• **DATA IN THIS EXERCISE**
+-------+

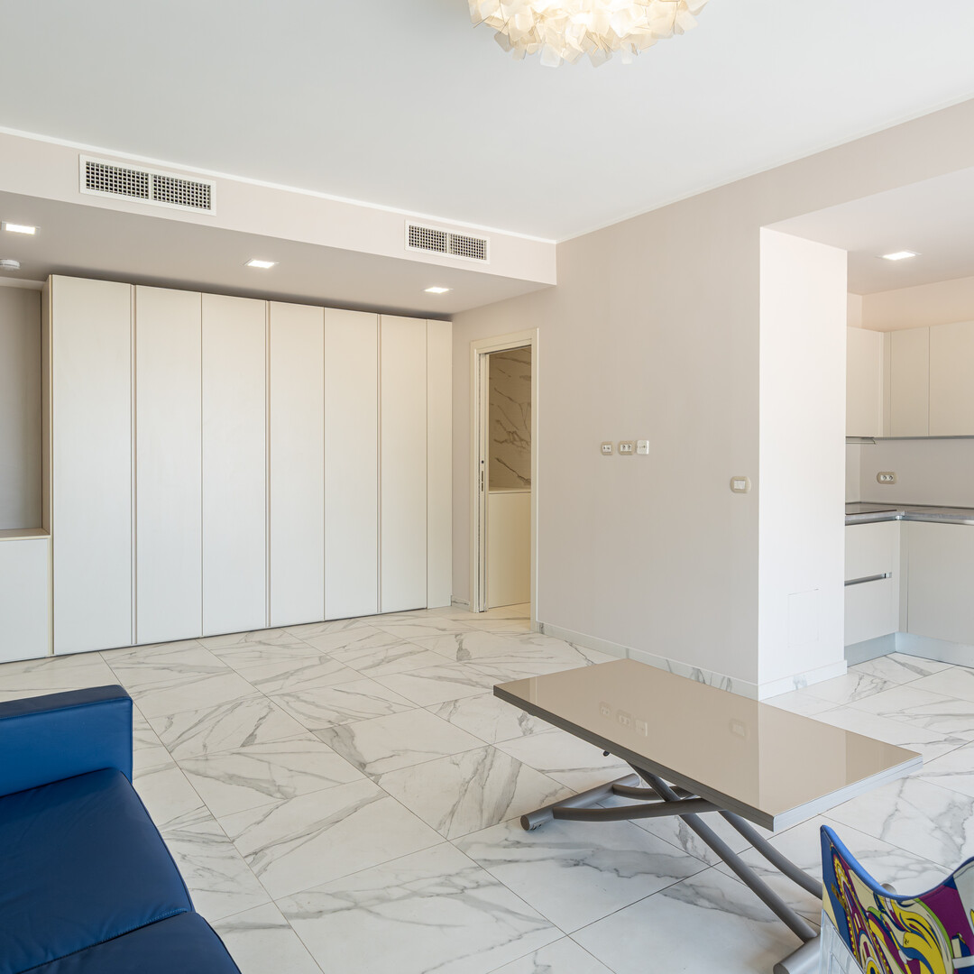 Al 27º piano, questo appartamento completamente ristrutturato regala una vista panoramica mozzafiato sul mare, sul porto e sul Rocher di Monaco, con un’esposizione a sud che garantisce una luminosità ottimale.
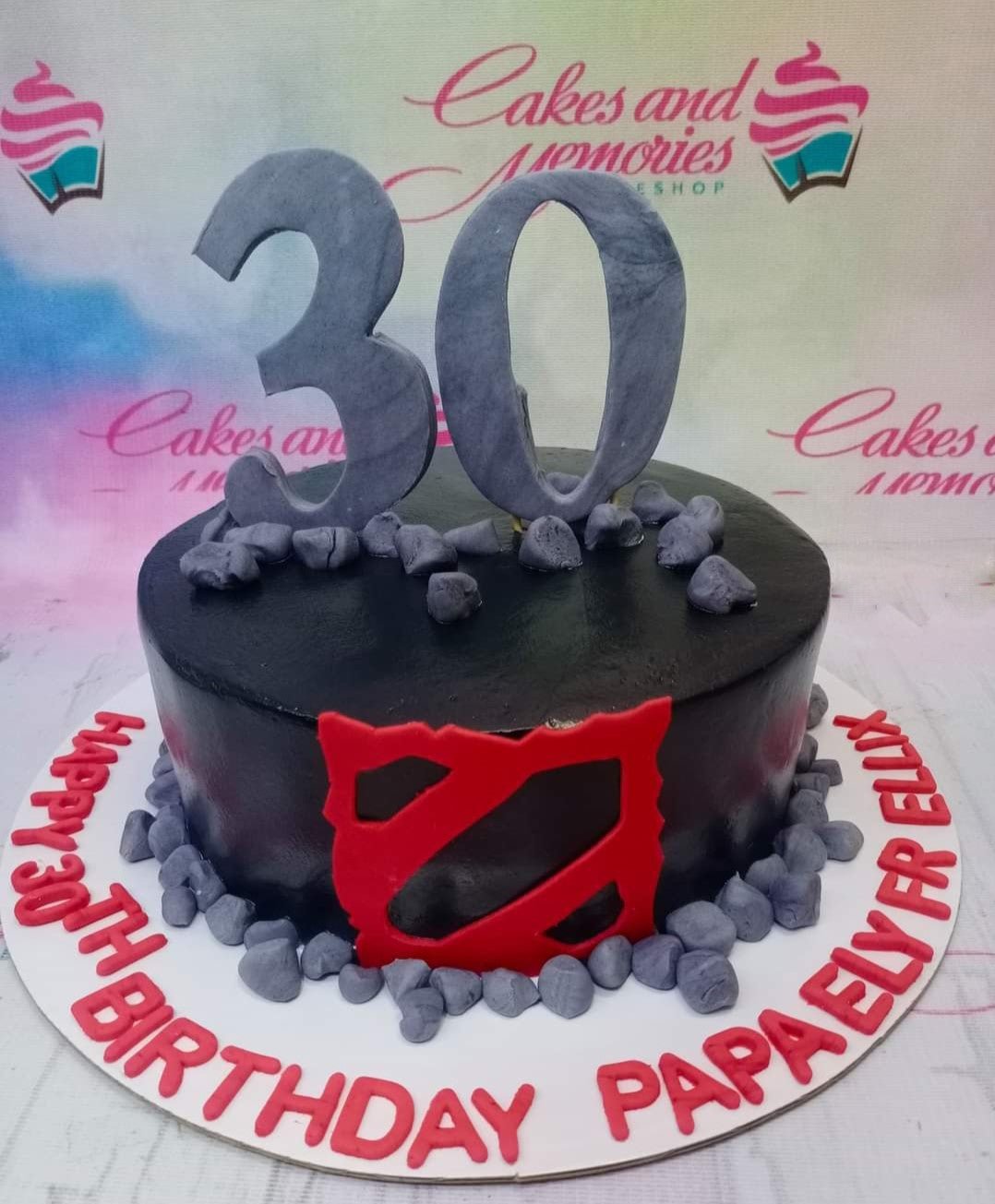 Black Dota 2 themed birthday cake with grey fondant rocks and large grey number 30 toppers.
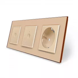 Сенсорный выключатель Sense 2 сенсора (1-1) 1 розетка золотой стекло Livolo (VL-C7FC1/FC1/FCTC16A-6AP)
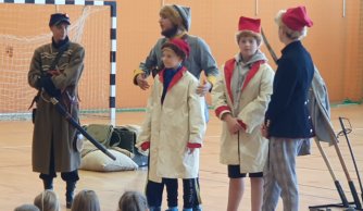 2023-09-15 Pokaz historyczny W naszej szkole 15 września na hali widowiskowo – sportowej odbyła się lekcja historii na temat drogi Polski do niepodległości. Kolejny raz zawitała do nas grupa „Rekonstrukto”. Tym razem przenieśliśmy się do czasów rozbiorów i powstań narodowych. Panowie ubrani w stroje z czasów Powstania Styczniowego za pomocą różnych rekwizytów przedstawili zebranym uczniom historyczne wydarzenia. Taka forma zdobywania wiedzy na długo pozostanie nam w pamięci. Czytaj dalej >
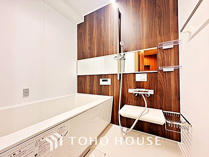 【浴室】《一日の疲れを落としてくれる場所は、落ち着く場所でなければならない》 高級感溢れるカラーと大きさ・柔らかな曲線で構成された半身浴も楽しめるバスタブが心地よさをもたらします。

+-------+

• **WHAT YOU HAVE TO DO**
Print the complete listing exactly, apart from any pictures.

• **RESULT OF THE EXERCISE**
 Al 27º piano, questo appartamento completamente ristrutturato regala una vista panoramica mozzafiato sul mare, sul porto e sul Rocher di Monaco, con un’esposizione a sud che garantisce una luminosità ottimale.
 Black Dota 2 themed birthday cake with grey fondant rocks and large grey number 30 toppers.
 Сенсорный выключатель Sense 2 сенсора (1-1) 1 розетка золотой стекло Livolo (VL-C7FC1/FC1/FCTC16A-6AP)
 2023-09-15 Pokaz historyczny W naszej szkole 15 września na hali widowiskowo – sportowej odbyła się lekcja historii na temat drogi Polski do niepodległości. Kolejny raz zawitała do nas grupa „Rekonstrukto”. Tym razem przenieśliśmy się do czasów rozbiorów i powstań narodowych. Panowie ubrani w stroje z czasów Powstania Styczniowego za pomocą różnych rekwizytów przedstawili zebranym uczniom historyczne wydarzenia. Taka forma zdobywania wiedzy na długo pozostanie nam w pamięci. Czytaj dalej >
 【浴室】《一日の疲れを落としてくれる場所は、落ち着く場所でなければならない》 高級感溢れるカラーと大きさ・柔らかな曲線で構成された半身浴も楽しめるバスタブが心地よさをもたらします。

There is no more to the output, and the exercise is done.